Never assume your most senior staff have the best ideas. Involve everyone – senior, junior, interns, volunteers and even members in idea brainstorms. GetUp built a great culture of regular member surveys and frequent all-staff brainstorming meetings – where anyone could come even if they weren’t a campaign expert.
8. Listen to Taylor Swift. “Shake It Off”
GetUp always assumed that one of the worst things that could ever happen to them was a front page scandal in one of the major newspapers. Avoided this by being careful and risk averse.
But then it happened, and it wasn’t a big deal. Most people whose opinion matters (your members + your donors) believe you more than any Murdoch-owned paper.
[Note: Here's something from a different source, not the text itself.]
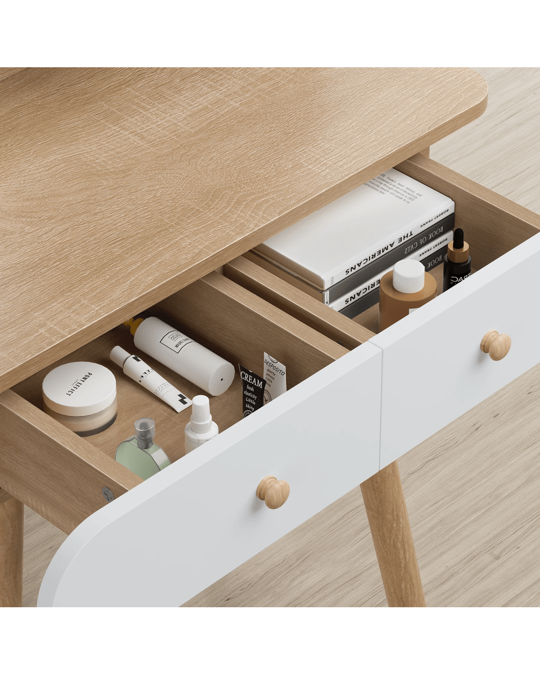 Keep your items organized - It features 2 drawers and multiple shelves to organize your personal items. For items you want to access easily, like make-up products, lotions, or perfumes, you can simply put them on desktop of table. For other items, like jewellery, you can store them away in drawers so they won't gather dust.

So – shake it off, and never let an idea or mission be killed because of a right wing spin piece. The only peoples opinion that matters is your members.
9. Fight with values
A lot of the time our campaigns are about specific things and achievable outcomes. But there are so many emotional things that aren’t tangbile.
Best example of this is GetUp’s asylum seeker campaign. Struggled to gain traction for many years demanding specific policy changes, then an asylum seeker died in an offshore detention centre – and they responded with emotional vigils called #LightTheDark all over the country. Candle lit vigils and other oppotunities for your members to show emotion are just as important as powerful tactical strategies.
10. Leave the office
Offices are the worst. Don’t get stuck there. Get outside – and meet some incredible people who can inspire and drive your work.
Go see the issues you work on first hand, and meet parter organisations working on the frontline. See the shit you’re campaigning against, go live it and put yourself back in your place.
Don’t think you’re the only people doing stuff well – get out of the ivory tower, often.